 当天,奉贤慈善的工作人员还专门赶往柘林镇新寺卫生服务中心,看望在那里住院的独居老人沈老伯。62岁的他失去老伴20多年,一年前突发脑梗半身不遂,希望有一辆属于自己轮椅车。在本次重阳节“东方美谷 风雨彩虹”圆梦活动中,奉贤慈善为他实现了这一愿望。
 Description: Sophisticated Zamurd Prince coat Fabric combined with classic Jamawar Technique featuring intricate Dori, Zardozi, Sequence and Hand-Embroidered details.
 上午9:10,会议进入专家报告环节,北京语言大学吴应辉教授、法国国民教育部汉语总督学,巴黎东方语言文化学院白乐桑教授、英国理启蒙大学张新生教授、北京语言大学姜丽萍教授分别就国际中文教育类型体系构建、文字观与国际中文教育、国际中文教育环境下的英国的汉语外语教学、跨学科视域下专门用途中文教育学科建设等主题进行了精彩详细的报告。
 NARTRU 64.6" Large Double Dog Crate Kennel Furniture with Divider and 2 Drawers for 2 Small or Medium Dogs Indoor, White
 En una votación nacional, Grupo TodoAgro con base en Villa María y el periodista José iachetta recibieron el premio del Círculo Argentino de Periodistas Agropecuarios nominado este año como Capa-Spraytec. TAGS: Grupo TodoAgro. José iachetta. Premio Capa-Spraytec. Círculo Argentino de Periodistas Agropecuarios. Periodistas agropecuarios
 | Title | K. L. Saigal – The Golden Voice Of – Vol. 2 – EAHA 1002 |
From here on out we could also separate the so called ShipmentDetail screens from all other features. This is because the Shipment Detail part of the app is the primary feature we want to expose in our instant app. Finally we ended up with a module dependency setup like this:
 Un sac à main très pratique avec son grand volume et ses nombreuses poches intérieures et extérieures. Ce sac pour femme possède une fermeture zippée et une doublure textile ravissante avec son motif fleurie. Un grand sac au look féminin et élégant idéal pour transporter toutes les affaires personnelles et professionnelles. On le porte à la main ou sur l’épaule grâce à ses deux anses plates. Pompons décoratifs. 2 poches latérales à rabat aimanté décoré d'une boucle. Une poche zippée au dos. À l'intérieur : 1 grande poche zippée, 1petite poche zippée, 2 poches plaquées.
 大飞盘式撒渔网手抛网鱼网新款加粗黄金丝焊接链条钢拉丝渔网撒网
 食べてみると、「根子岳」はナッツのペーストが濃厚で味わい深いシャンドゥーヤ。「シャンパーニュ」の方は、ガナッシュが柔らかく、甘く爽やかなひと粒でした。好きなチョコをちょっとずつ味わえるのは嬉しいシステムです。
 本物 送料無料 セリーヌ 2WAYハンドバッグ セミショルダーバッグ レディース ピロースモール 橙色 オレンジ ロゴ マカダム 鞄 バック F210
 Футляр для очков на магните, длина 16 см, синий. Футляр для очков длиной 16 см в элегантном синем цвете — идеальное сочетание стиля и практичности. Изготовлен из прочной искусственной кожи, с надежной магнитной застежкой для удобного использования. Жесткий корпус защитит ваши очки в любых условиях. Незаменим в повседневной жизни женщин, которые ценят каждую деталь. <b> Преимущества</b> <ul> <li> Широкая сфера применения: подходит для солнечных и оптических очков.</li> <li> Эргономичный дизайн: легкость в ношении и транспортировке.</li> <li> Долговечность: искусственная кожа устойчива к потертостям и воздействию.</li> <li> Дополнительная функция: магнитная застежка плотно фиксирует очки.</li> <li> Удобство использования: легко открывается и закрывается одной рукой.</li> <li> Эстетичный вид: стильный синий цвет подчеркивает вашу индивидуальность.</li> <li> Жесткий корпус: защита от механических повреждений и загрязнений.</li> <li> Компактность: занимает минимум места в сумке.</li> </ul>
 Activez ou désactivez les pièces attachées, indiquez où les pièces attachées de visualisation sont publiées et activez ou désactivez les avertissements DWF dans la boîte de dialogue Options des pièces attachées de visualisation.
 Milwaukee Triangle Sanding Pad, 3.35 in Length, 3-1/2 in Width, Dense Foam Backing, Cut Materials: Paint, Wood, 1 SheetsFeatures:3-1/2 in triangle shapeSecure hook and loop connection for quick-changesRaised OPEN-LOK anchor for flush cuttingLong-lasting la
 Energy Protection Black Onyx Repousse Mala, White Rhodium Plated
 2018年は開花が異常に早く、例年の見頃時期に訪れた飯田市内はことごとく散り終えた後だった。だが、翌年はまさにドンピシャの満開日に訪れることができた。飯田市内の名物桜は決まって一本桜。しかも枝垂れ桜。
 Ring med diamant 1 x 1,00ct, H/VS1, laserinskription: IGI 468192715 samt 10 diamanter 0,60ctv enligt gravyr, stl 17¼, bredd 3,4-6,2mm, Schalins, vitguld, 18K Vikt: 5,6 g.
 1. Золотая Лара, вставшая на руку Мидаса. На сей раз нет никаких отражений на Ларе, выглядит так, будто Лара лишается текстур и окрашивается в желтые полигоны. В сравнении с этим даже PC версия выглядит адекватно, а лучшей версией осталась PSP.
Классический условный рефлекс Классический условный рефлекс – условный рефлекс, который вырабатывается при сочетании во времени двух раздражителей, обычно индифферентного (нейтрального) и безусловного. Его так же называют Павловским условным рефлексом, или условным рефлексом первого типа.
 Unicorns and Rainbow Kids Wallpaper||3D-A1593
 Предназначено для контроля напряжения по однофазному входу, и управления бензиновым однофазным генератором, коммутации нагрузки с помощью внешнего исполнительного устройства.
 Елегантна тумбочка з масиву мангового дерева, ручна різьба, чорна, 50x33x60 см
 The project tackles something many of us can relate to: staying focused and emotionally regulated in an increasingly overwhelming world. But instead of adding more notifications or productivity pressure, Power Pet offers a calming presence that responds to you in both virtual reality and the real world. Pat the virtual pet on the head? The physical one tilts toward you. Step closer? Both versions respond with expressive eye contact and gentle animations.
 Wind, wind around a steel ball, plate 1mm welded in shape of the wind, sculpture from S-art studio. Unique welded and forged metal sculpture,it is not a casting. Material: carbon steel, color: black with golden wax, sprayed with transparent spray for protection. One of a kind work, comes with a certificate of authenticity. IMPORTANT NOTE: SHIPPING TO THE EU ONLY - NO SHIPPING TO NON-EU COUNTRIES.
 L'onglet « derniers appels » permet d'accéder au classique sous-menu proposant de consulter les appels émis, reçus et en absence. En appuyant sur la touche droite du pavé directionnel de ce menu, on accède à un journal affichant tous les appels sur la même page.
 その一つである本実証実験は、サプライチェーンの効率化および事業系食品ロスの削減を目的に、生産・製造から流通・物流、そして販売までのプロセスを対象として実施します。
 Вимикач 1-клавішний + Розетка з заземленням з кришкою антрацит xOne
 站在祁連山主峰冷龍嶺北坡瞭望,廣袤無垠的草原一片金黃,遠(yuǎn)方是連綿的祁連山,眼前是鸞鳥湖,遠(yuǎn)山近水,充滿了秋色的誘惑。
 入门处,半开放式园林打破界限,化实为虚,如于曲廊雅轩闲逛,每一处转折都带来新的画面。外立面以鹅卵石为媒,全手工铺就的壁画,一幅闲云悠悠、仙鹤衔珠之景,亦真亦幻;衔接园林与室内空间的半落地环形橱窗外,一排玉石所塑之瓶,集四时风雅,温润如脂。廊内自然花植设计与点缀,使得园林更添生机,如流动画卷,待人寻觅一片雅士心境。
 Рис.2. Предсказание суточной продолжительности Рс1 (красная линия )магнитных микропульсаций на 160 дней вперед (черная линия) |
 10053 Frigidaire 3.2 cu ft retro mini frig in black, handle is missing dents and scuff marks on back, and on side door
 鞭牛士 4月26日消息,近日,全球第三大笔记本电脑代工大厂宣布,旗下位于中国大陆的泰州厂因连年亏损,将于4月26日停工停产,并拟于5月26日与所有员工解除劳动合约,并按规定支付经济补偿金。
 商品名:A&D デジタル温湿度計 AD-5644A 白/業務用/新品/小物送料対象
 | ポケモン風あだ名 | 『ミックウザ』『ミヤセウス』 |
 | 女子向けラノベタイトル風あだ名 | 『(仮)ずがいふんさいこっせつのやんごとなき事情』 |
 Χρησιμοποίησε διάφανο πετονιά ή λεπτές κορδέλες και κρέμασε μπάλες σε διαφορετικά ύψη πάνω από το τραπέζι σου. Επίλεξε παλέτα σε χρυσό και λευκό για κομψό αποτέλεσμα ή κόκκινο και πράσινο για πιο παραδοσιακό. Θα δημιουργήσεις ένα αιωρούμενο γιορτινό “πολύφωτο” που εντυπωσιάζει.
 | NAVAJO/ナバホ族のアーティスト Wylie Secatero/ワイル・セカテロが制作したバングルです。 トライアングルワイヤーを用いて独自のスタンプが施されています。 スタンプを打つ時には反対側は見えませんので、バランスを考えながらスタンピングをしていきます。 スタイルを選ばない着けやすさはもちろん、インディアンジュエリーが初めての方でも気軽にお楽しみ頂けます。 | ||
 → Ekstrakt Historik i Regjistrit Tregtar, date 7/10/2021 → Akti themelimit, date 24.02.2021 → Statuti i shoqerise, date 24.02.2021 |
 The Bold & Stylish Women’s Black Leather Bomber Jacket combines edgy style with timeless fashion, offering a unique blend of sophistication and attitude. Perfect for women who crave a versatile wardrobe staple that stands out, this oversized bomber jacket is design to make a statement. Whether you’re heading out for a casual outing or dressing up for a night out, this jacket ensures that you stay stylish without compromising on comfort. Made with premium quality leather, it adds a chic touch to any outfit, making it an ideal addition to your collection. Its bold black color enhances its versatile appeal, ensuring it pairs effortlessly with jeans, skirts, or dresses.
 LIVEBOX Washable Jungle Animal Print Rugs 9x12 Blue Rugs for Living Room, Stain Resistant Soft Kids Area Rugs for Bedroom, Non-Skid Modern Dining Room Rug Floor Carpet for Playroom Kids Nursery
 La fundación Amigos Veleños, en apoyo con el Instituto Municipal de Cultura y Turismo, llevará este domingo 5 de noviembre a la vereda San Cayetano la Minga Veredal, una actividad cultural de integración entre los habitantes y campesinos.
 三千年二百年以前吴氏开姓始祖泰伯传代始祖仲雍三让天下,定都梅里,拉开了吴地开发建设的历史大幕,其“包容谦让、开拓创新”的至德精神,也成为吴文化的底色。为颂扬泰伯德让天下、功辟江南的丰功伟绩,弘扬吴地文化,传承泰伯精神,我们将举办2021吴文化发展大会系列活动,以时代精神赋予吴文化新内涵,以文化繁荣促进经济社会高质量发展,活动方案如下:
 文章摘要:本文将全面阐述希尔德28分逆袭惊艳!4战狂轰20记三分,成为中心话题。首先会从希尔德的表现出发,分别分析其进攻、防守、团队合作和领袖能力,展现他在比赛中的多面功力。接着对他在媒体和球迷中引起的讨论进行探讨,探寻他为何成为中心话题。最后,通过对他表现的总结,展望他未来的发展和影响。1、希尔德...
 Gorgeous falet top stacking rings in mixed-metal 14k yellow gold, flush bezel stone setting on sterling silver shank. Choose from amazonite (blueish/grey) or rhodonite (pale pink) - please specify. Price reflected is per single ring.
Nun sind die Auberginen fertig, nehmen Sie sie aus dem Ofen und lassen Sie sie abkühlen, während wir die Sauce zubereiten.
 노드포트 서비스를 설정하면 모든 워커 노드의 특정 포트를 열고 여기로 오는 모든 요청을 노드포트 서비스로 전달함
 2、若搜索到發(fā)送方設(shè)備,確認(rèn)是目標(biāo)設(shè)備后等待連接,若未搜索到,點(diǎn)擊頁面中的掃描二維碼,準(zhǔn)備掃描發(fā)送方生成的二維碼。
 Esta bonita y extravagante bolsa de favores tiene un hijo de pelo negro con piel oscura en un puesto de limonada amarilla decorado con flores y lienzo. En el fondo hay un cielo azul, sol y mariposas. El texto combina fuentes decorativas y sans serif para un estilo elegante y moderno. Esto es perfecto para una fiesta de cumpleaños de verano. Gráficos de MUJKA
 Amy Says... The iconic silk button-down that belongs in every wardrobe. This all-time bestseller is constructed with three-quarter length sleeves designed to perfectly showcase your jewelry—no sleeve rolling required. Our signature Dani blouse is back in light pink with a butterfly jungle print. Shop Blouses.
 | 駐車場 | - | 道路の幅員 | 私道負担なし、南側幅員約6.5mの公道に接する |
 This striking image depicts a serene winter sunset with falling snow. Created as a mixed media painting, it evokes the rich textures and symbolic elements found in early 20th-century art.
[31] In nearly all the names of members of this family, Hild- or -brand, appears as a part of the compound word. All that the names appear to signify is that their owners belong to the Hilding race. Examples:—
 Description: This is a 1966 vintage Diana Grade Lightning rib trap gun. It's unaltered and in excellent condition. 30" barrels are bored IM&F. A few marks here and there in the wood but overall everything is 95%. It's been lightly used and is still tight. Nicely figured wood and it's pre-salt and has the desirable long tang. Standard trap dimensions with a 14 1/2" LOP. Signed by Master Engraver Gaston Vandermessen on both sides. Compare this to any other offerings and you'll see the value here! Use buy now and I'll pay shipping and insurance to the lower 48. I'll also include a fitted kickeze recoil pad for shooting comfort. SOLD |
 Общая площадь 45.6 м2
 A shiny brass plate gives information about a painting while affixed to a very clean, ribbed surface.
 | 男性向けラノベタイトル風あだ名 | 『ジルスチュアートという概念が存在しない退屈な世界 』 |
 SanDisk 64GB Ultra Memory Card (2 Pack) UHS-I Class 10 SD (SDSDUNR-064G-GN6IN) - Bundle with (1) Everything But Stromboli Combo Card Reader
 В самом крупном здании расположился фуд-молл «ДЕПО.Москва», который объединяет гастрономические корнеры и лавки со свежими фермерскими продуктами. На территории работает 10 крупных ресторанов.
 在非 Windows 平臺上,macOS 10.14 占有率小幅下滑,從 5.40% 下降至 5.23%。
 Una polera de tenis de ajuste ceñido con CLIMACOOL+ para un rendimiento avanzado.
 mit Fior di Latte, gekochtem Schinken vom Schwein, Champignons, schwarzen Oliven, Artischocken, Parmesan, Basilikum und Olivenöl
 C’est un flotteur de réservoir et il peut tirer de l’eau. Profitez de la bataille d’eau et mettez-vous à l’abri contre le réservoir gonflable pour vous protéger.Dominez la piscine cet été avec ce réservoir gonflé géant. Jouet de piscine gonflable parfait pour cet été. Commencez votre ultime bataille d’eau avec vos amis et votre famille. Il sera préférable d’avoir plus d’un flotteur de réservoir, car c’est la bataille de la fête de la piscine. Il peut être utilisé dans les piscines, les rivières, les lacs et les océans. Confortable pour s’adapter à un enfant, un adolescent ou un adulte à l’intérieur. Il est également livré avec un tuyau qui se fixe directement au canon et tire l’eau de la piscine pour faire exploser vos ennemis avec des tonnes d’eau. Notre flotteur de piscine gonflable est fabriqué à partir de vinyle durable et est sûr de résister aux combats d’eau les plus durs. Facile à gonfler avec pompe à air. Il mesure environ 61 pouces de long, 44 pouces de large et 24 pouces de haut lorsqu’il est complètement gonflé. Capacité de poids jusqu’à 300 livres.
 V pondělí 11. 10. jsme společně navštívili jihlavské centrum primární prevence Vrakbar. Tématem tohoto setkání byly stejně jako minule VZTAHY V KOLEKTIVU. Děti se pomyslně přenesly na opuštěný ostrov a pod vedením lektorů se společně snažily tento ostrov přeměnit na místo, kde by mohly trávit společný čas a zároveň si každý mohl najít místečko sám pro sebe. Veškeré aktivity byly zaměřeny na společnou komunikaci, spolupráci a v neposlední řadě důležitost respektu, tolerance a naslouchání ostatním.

━━━━

[Problem to work on]
Taking the listing above as the source, transcribe only the lines starting at the line with "Классический условный рефлекс Классический" and going through the line with "Unicorns and Rainbow", unaltered and with both ends included.

[Response below]
Классический условный рефлекс Классический условный рефлекс – условный рефлекс, который вырабатывается при сочетании во времени двух раздражителей, обычно индифферентного (нейтрального) и безусловного. Его так же называют Павловским условным рефлексом, или условным рефлексом первого типа.
 Unicorns and Rainbow Kids Wallpaper||3D-A1593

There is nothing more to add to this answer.